- The task
In the records below, find the line that contains "George III mahogany" and the line that contains "Play with Playa"; write out exactly those two lines and everything between them, without the pictures.

___ Information supplied ___

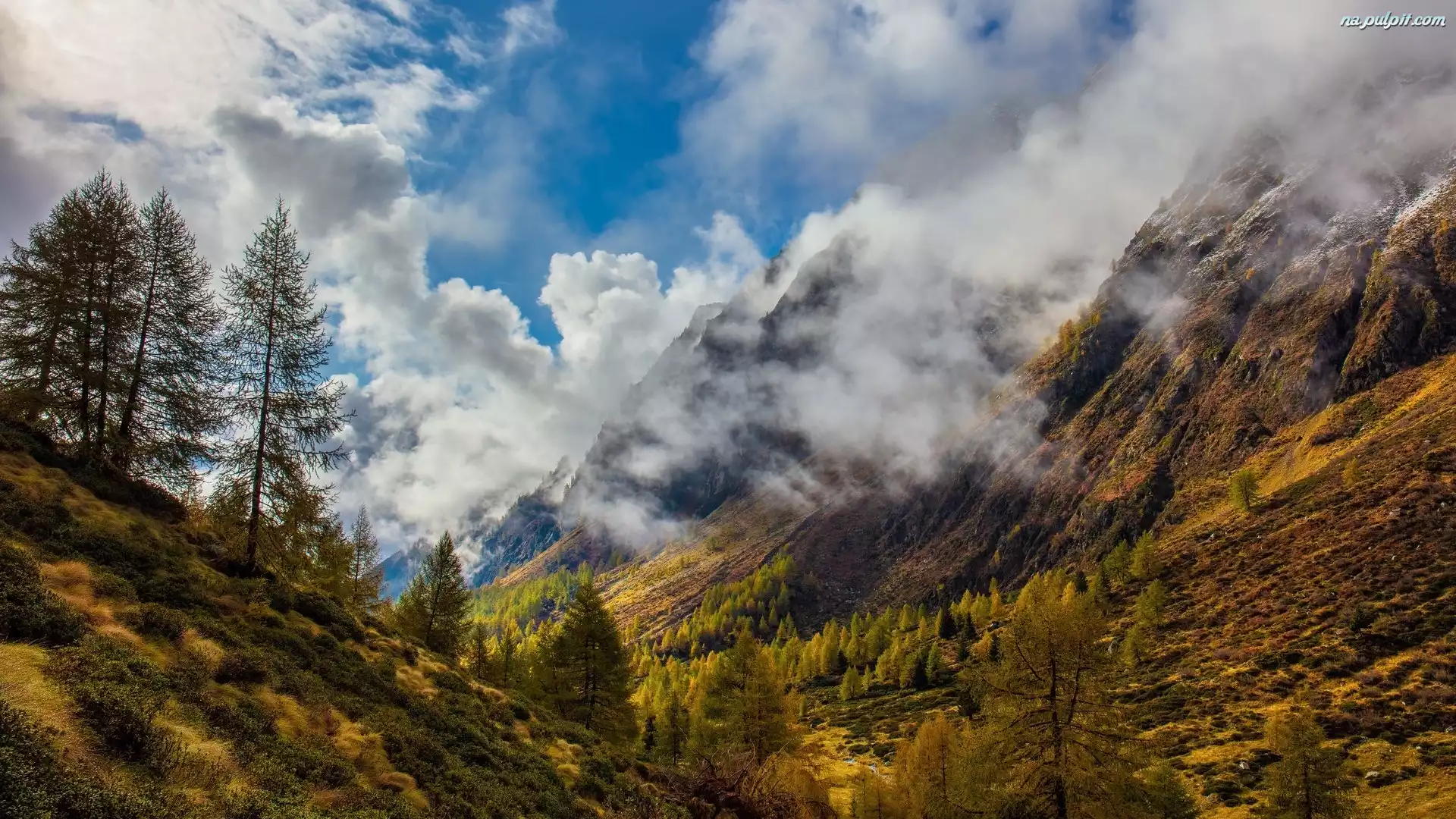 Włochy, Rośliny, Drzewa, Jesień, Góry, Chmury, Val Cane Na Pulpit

___
___ Information supplied ___

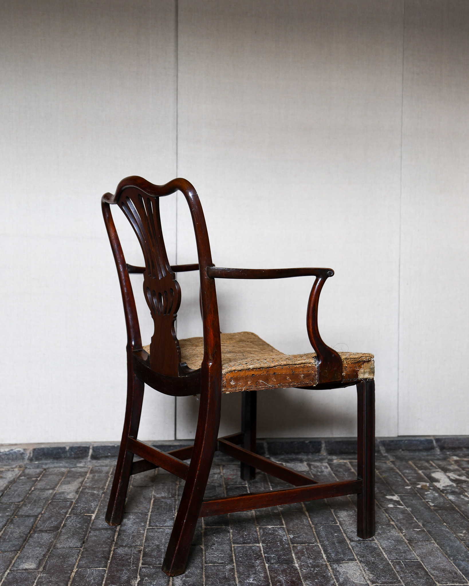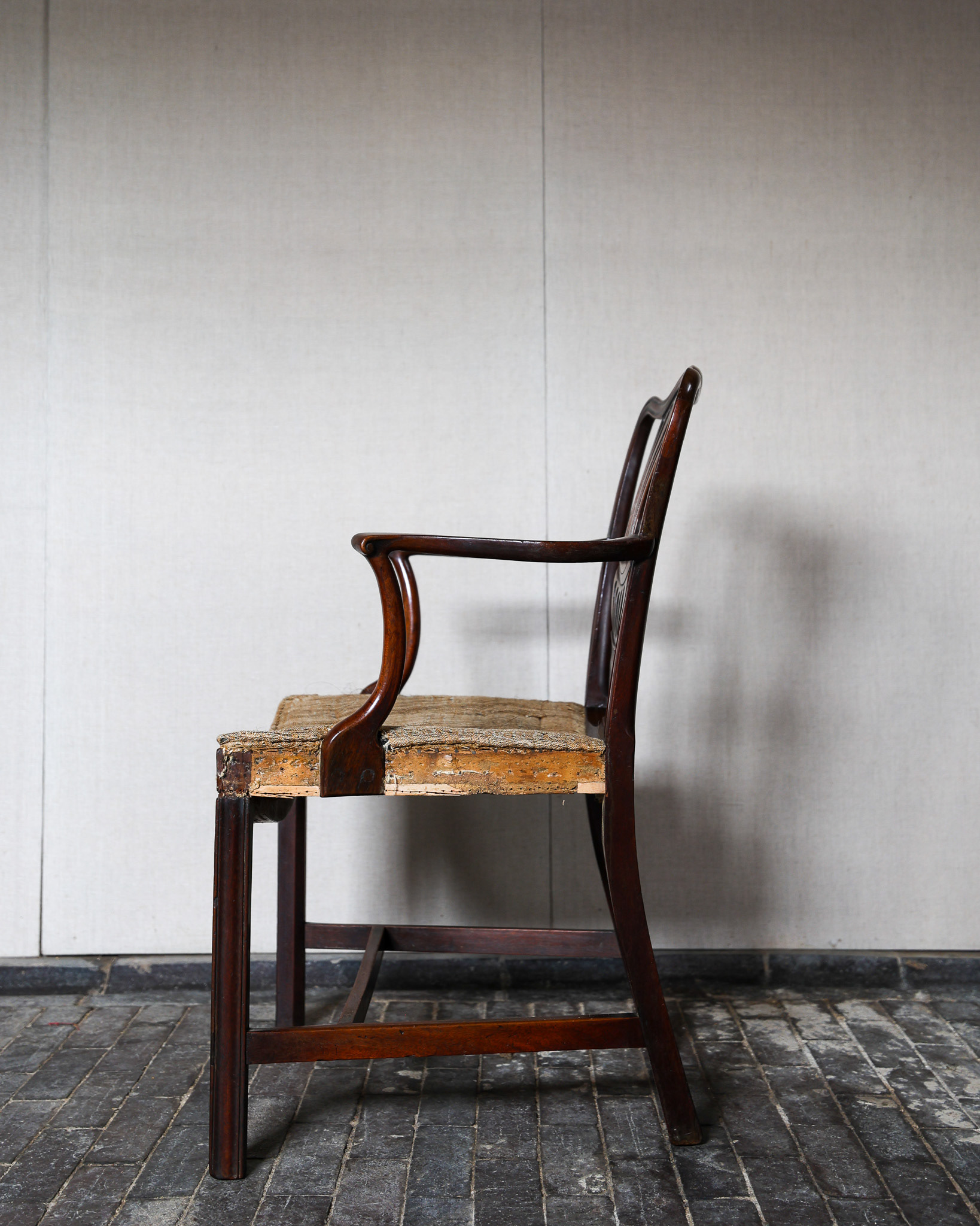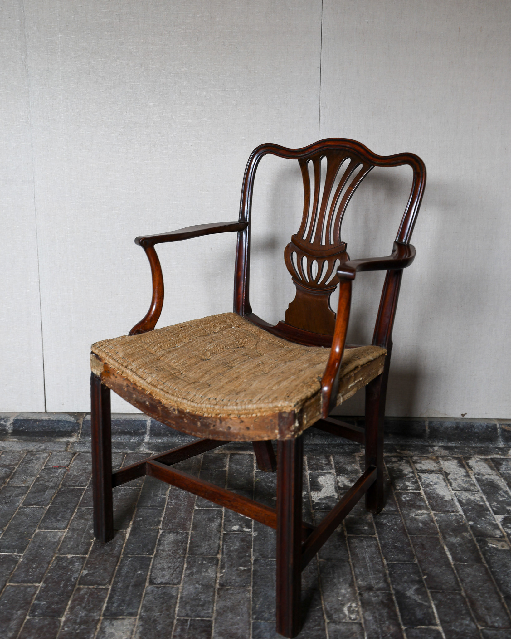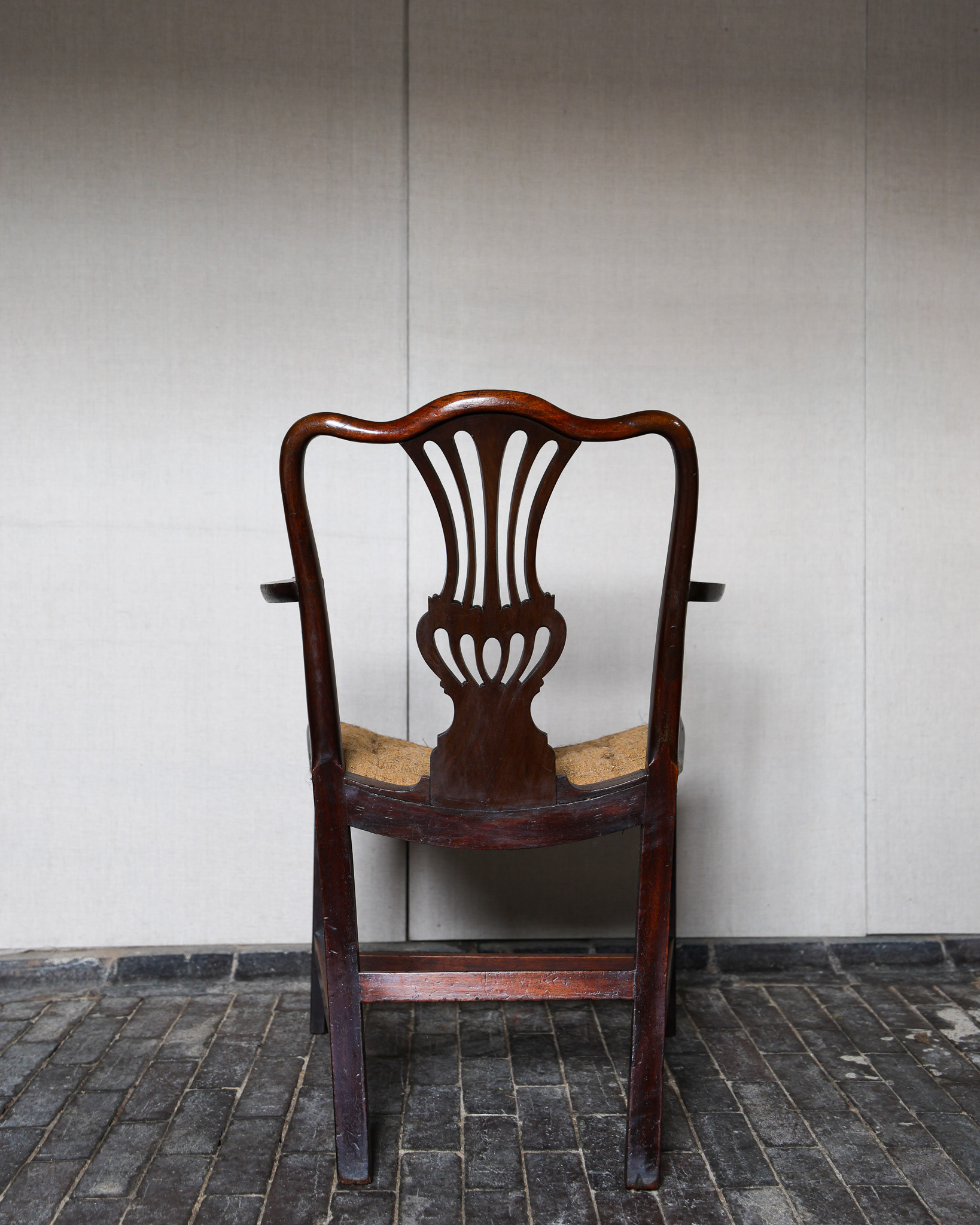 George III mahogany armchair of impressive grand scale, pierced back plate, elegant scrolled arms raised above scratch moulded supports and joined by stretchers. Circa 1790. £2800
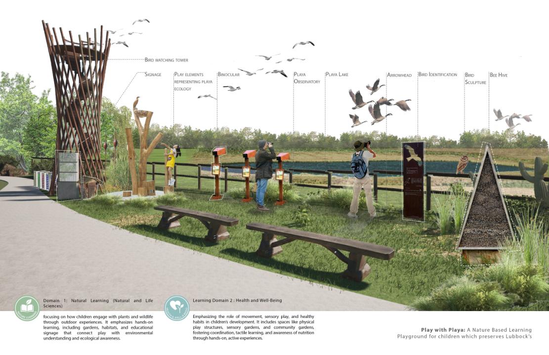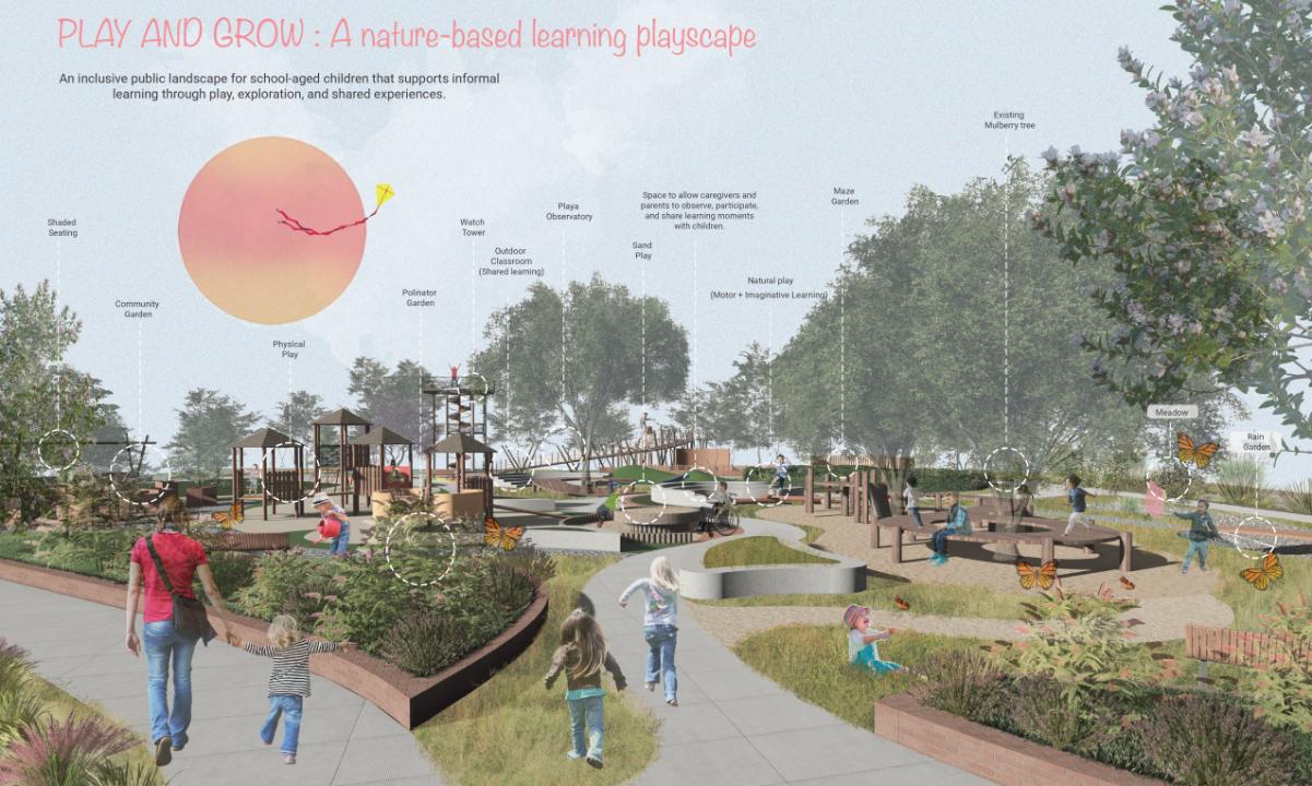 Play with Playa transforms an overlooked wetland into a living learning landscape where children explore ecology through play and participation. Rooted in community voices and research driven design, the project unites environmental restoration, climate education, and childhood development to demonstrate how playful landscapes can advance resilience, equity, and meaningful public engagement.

___
___ Information supplied ___

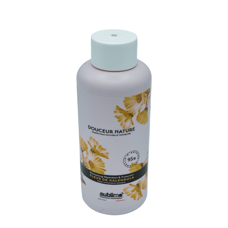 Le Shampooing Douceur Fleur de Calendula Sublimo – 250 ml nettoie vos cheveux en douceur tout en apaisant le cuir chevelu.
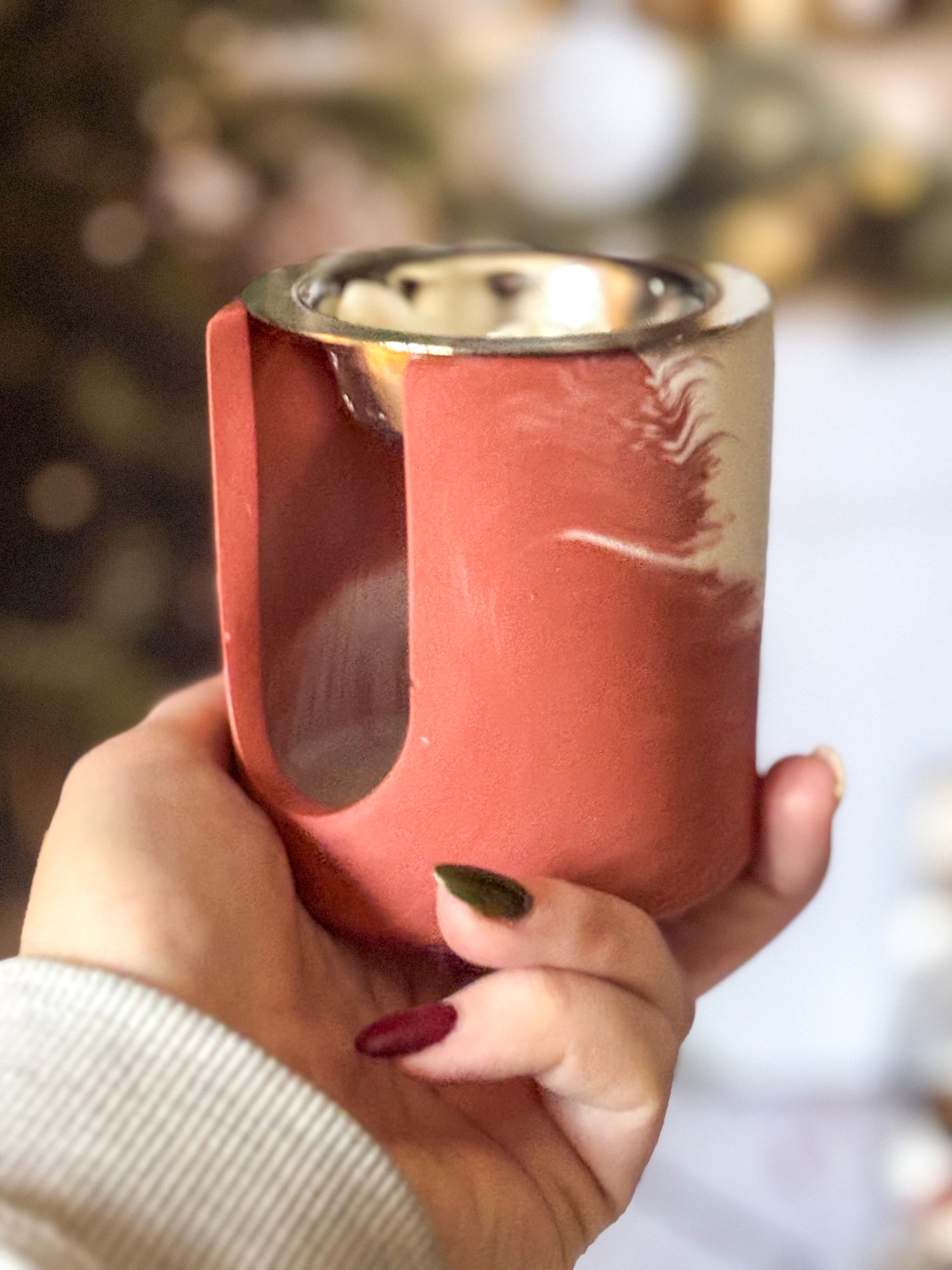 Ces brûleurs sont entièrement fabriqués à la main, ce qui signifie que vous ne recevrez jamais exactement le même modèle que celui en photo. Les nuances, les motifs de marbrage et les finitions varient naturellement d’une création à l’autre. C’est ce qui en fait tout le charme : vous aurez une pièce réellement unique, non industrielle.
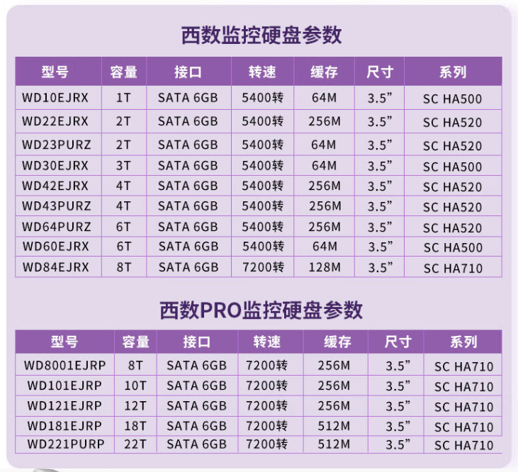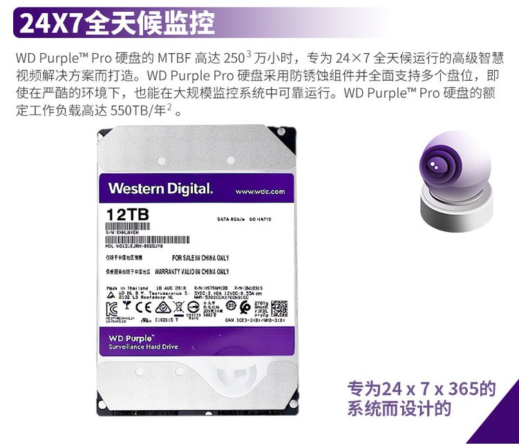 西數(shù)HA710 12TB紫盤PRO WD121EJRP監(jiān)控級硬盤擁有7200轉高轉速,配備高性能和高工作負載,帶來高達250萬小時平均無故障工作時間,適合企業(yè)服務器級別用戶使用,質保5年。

___

- Result of this exercise
 George III mahogany armchair of impressive grand scale, pierced back plate, elegant scrolled arms raised above scratch moulded supports and joined by stretchers. Circa 1790. £2800
 Play with Playa transforms an overlooked wetland into a living learning landscape where children explore ecology through play and participation. Rooted in community voices and research driven design, the project unites environmental restoration, climate education, and childhood development to demonstrate how playful landscapes can advance resilience, equity, and meaningful public engagement.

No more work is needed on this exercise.